Artificial Contraception
By
Rev. William Messenger


(This article appeared in the National Catholic Reporter, October 16, 1981, titled "Science Challenges Humanae Vitae". An editor's note acknowledged the help of Dr. Brian Henderson with the medical aspects of this article)

Since Humanae Vitae, contraception has consumed much attention in the church-- official condemnation, theological disagreement and practical pastoral concern. But no formulation or conclusion can claim to have captured the truth for all time, nor can the pursuit of such truth be halted.

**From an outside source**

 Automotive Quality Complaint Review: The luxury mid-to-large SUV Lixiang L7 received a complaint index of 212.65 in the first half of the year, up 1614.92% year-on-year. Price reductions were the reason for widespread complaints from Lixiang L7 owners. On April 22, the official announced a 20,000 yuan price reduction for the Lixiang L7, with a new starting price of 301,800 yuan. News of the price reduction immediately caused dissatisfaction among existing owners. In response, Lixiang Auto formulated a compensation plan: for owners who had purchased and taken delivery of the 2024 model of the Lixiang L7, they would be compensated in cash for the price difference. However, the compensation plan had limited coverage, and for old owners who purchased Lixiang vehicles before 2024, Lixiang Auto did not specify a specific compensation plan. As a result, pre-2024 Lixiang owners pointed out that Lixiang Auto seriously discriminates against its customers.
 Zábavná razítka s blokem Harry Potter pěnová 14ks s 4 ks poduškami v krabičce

For the teaching authority of the church to be truly authentic, it cannot restrict itself to the purely theological. People do not live in theological towers, and the practicality of their lives as well as the testimony of modern science must be given due attention. Although there was a nod to these dimensions, Paul VI whitewashed the work of the special papal study commission and ignored science, leaving himself only a questionable theology.

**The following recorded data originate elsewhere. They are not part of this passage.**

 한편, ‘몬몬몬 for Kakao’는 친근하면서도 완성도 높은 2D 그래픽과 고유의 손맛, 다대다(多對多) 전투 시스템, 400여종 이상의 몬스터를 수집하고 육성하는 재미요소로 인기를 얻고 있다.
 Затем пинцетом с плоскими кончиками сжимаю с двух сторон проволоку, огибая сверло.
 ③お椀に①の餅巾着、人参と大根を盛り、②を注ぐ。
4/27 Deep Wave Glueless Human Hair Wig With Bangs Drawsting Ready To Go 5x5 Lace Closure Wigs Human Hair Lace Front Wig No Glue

Medical science has raised new and significant questions which cannot be resolved by the narrow theology of Humanae Vitae. These must be considered and a new theology developed which addresses them.

Two significant medical studies released in February 1977 and discussed in detail in Nutrition and Human Reproduction (ed. W. Henry Mosley) raise serious questions regarding the church's teaching on contraception.

The first study is "Nutrition, Fatness and Fertility: The Effect of Food Intake on Reproductive Ability." The second study is "The Impact of Prolonged Breast-Feeding on Birth Intervals and on Postpartum Amenorrhea."

I would like to begin by examining two presuppositions which will be operative throughout the discussion. It would seem these presuppositions should be obvious. However, the more I read of church and papal pronouncements, the more I am convinced they are not obvious.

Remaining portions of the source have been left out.